What the exercise asks: Repeat only the stretch of lines below that runs from the line with "как выглядит ARCADE" through the line with "Коляска 9325 Melobo", unaltered.

Provided entries:
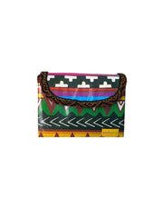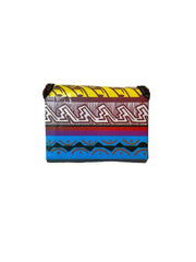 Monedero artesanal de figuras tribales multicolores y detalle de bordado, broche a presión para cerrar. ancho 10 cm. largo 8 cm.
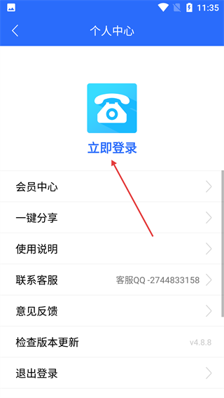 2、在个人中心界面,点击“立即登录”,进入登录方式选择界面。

* * *

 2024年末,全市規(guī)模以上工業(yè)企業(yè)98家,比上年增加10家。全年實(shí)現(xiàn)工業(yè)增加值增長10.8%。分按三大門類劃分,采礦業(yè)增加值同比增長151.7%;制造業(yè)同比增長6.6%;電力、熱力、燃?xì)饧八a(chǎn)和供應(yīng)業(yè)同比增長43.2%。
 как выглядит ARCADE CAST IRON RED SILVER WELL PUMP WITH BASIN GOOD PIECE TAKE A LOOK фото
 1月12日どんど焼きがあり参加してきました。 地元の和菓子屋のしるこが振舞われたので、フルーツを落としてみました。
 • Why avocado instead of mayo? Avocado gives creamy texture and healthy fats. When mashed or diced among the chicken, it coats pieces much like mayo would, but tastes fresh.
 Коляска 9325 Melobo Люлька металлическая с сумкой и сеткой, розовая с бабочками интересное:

Written answer:
 как выглядит ARCADE CAST IRON RED SILVER WELL PUMP WITH BASIN GOOD PIECE TAKE A LOOK фото
 1月12日どんど焼きがあり参加してきました。 地元の和菓子屋のしるこが振舞われたので、フルーツを落としてみました。
 • Why avocado instead of mayo? Avocado gives creamy texture and healthy fats. When mashed or diced among the chicken, it coats pieces much like mayo would, but tastes fresh.
 Коляска 9325 Melobo Люлька металлическая с сумкой и сеткой, розовая с бабочками интересное:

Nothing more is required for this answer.